Utilization of antisense ODN to p21 in vivo and in vitro has been shown to be a sensitive way to examine its role in inhibition of cell proliferation, angiogenesis, matrix protein production, and induction of apoptosis (35, 44, 54). Our results in p21 antisense experiments showed that this ODN antagonized PPARγ ligand induction of p21 protein and suppression of lung carcinoma cell growth. These results are consistent with studies by Weiss et al. (55) who showed that antisense ODN for p21 decreased p21 protein levels and affected breast carcinoma cell growth and by Moffatt et al. (56) who found that the p21-mediated antiproliferative effect of 1α, 25-(OH)₂D₃ on prostatic carcinoma cells was abolished by stable transfection with a p21 antisense construct.

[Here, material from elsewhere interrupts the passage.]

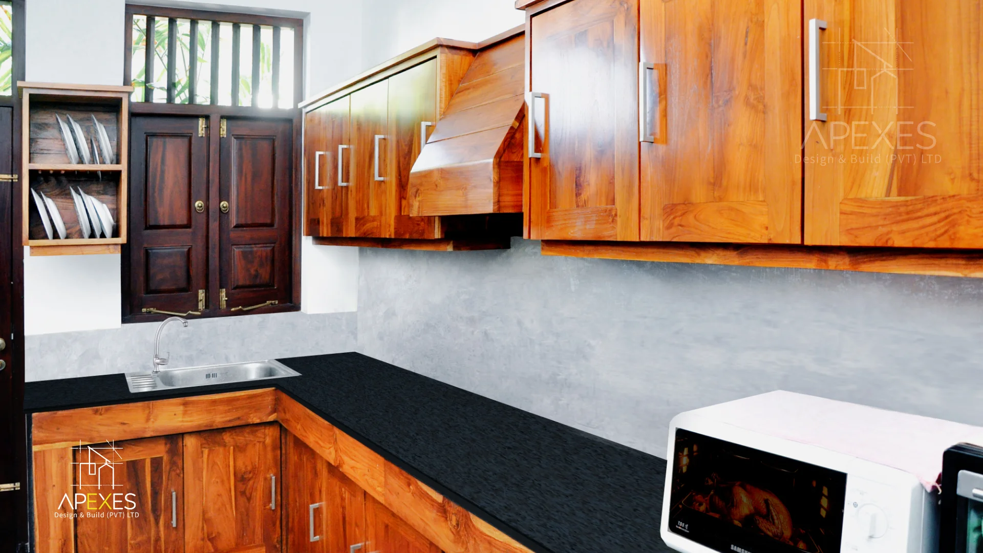 - Modern Utility: A sleek, minimalist kitchen featuring cement-toned backsplashes and dark countertops balances the warmth of the Teak wood storage units.

Taken together, our study indicates that PPARγ ligand inhibition of human lung carcinoma cell growth and induction of apoptosis are mediated via up-regulation of the cyclin-dependent kinase inhibitor p21 and reduction of cyclin D1 gene expression. Induction of p21 gene expression by PPARγ ligand appears to be, at least in part, regulated through C/EBP and Sp1 sites in the p21 gene promoter. Although additional studies will be required to determine the clinical implications of our findings, our observations suggest that ligand activation of PPARγ represents a potential new molecular target for effective therapy against human lung carcinoma. Studies in humans, animals, and in cultured cells support the idea that modulation of PPARγ activation may have therapeutic benefits in other tumors including colon and pituitary carcinoma (57, 58). There was no difference in survival between patients who received adjuvant chemotherapy and those who did not (59). We speculate that specific PPARγ ligands used as single agents or as part of combination regimens could serve to further improve outcomes in these patients by inhibiting carcinoma cell growth.